MAML only updates optimal initial values of model-parameters and meta-optimizer parameters. However, this approach does not make the best use of limited data. To solve this problem, we propose a novel meta-optimizer algorithm that considers validation and test set as well as train set in meta-learning. The proposed meta-optimizer consists of two optimizers which are updated separately: meta-train optimizer and meta-test optimizer. Through few-shot learning, the parameters of a few-shot learner are only updated with a k-shot support set. It leads to a highly unstable learning curve and consequently hard to optimize. To handle this difficulty, we use a meta learning scheme. The original MAML finds optimal initial values on the inner loop, which updates parameters of meta optimizer independently. Inspired by this scheme, we organize the inner loop to train-validation-test separately, then parameters of the meta optimizer are updated like few-shot learning procedure. We called the train phase of inner loop as a meta-train optimizer and the validation-test phase as meta-test optimizer. By this new inner loop design, we can train robust few-shot learner.

In the semantic segmentation of medical images, the conformation between Ground Truth (GT) and prediction is important. To handle this issue, we introduce the Hausdorff distance loss as our objective function. It measures the distance of the segment’s boundary and minimizes them. Therefore, this objective function focuses on the shape of the segment rather than simply the area of the intersection.

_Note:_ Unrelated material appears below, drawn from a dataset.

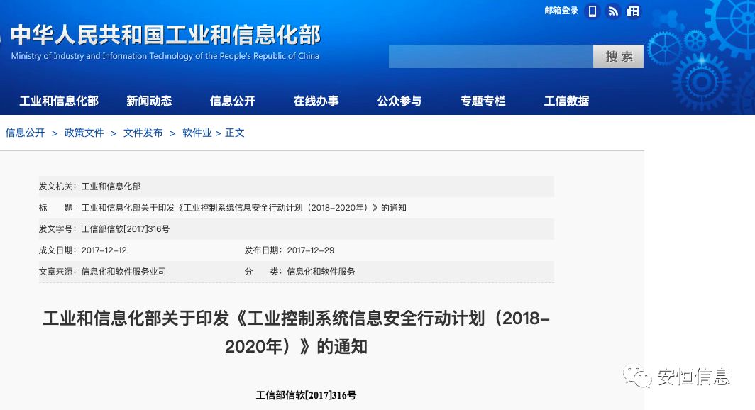 2017年12月,工业和信息化部发布了《工业控制系统信息安全行动计划(2018—2020年)》,提出在工控系统信息安全保障体系建设中,落实企业主体责任,因地制宜分类指导,坚持技术和管理并重等指导策略,以及落实企业主体责任和监督管理责任以提升安全管理水平,建设全国工控安全监测网络和实施信息共享工程以提升态势感知能力,加强防护技术研究和建立健全标准体系以提升安全防护能力,开展信息通报预警和建设国家应急资源库以提升应急处置能力,培育龙头骨干企业和创建国家新型工业信息安全示范基地,以提升产业发展能力等具体措施。
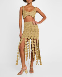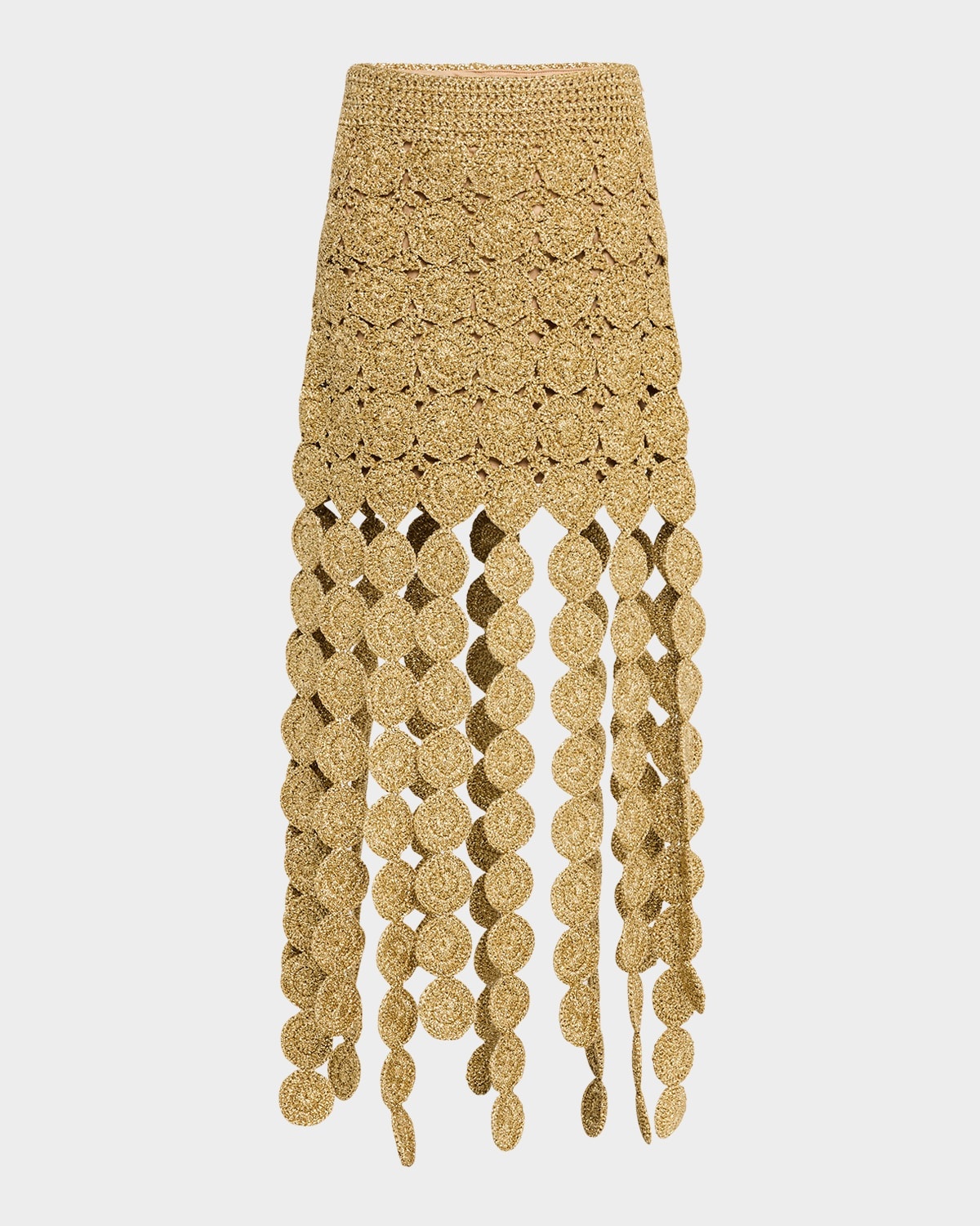 - SIMONMILLER "Beep Beep" hand-knit lurex crochet maxi skirt with circular cutout details - High-rise waistband - Full length - Skirt falls straight from hip to hem - Slip-on style - Polyester - Imported Online Inquiries: NMS21_T5W23 Store Inquiries: #4841210

The contributions of this paper are summarized as follows:

We proposed an optimization-based meta-learning algorithm to few-shot medical image segmentation and novel algorithms that optimize few-shot like meta-learner consisting of meta-train optimizer and meta-test optimizer.
We used a Kronecker-factored decomposition algorithm to compute optimal points of important learning parameters in optimizer-based meta-learning. This outperforms the baseline in few-shot learning with efficient parameter computation with MAML.
We used Hausdorff-distance loss that focus on the shape of segment rather than area. It reduces noise of prediction and shows favorable results, especially in qualitative aspects that are important to assist a doctor’s judgment.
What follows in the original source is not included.